Differential gene expression and functional enrichment studies
To identify genes with differential expression in sorted CTC samples relative to primary tumors, normal epithelium, and PB samples, we used ANOVA followed by Tukey analysis with Benjamini-Hochberg (BH) multiple testing correction applied at each step to adjust for potential false discovery (FDR). Genes with a FDR adjusted p value < 0.05 were considered significant. Functional and pathway analysis of differentially expressed genes were carried out with the DAVID functional/pathway enrichment analysis tool [26], using multiple testing corrected p-values that control for false discovery with significance threshold p < 0.05.

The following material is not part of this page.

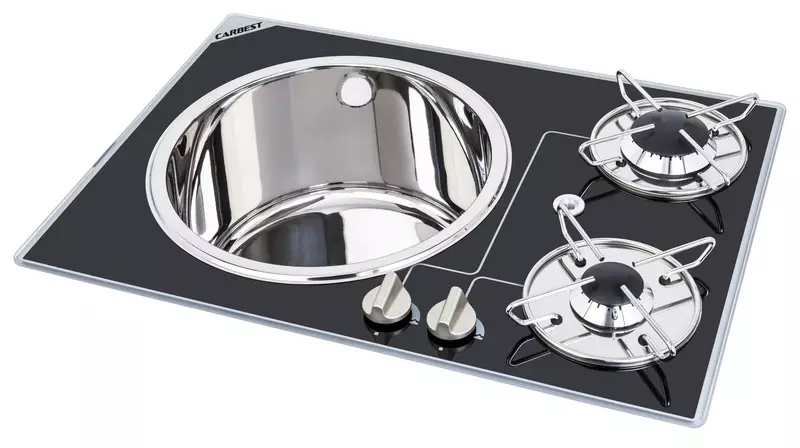 Liesi-/allas yhdistelmä – 2 poltinta turvalasilla (allas vasemmalla) Carbest liesi- ja pesuallasyhdistelmä kahdella polttimella ja kiiltävällä ruostumattomasta teräksestä valmistetulla... Lue lisää

Intrinsic subtype classification
Samples were evaluated for intrinsic subtype using the PAM50 single-sample classification algorithm developed by Parker and Perou [27]. Of the 50 genes in the PAM50 classifier, 21 were identified in the combined, quality filtered dataset (7685 probes), and used for analysis. The 21 genes available for this analysis were BCL2, CDC6, NUF2, CENPF, CEP55, CXXC5, EGFR, ERBB2, ESR1, FGFR4, FOXC1, GRB7, NDC80, KRT14, MYBL2, PTTG1, RRM2, TMEM45B, TYMS, UBE2C, and UBE2T. The remaining 29 genes in the PAM50 were either not present on the cDNA array probe set or did not meet the quality control criteria described above. We used a 90 % confidence interval (CI) in the subtype call to establish that gene expression levels of the 21 genes were correlated to the centroid of the subtype (otherwise the sample was considered unclassified). To assess differential risk of recurrence (ROR ~ P) scores across sample types, we used ANOVA followed by Tukey analysis.
Results
Assay validation using spiked-in breast cancer cells
Our approach to CTC isolation and expression array profiling was first validated using a spiked-in cancer cell line. BT474 cells were spiked into PB or PBS then subjected to IE/FACS; supplemental Fig. 1 shows a representative FACS gating strategy. As a control for the amplification procedure, 500 pg of bulk BT474 RNA was amplified and subjected to cDNA microarray analysis. Expression profiles for all sorted BT474 conditions were similar to the expected BT474 profile (Fig. 1a), which was obtained from non-amplified bulk total RNA analyzed in parallel as a positive control. We previously reported a comparison of amplification techniques at the picogram input level using BT474 as the test cell line [15].
Fig. 1.
Microarray analysis of spiked, sorted cells and controls. Unsupervised hierarchical clustering of six samples of normal PB (red), three samples of amplified (gray), and two samples of unamplified (yellow) BT474 RNA, and four replicates of BT474 cells spiked into blood (blue) or PBS (black) (one sample); a A scaled-down representation of the entire cluster of 8041 genes based on similar gene expression; b An enlarged dendrogram showing the samples; c Gene cluster showing genes that are highly expressed in normal PB; d Gene cluster containing HER2 (Erbb-2); e Gene cluster containing ESR1. Brown, tan and green vertical bars correspond to location of the gene clusters. The color bar scale denotes fold upregulation (red) and fold downregulation (green). f Principal component analysis demonstrated that spiked, sorted BT474 cells are more similar to bulk BT474 RNA than peripheral blood
Unsupervised hierarchical clustering confirmed that all BT474 expression profiles were closely related, regardless of whether the cells were spiked into blood, PBS or were bulk cells derived from cell culture; this was independent of the RNA amplification procedure (Fig. 1a). Profiles of BT474 cells isolated from blood were distinct from that of PB (Fig. 1b), demonstrating that IE/FACS-isolated cells appeared devoid of leukocyte contamination. This approach demonstrated gene clusters that were differentially expressed between BT474 cells and blood. A distinct cluster of genes was observed to be upregulated in blood but not in BT474 cells (Fig. 1c), these included fibrinogen-related procoagulant Fgl2, pleckstrin (platelet and leukocyte C kinase substrate), and DCL1, which is frequently expressed in leukocytes but downregulated in cancers, as it is a tumor suppressor gene. Conversely, genes such as HER2 and ESR1 (ER) (Figs. 1d, e), as expected, were upregulated in BT474 but not in blood.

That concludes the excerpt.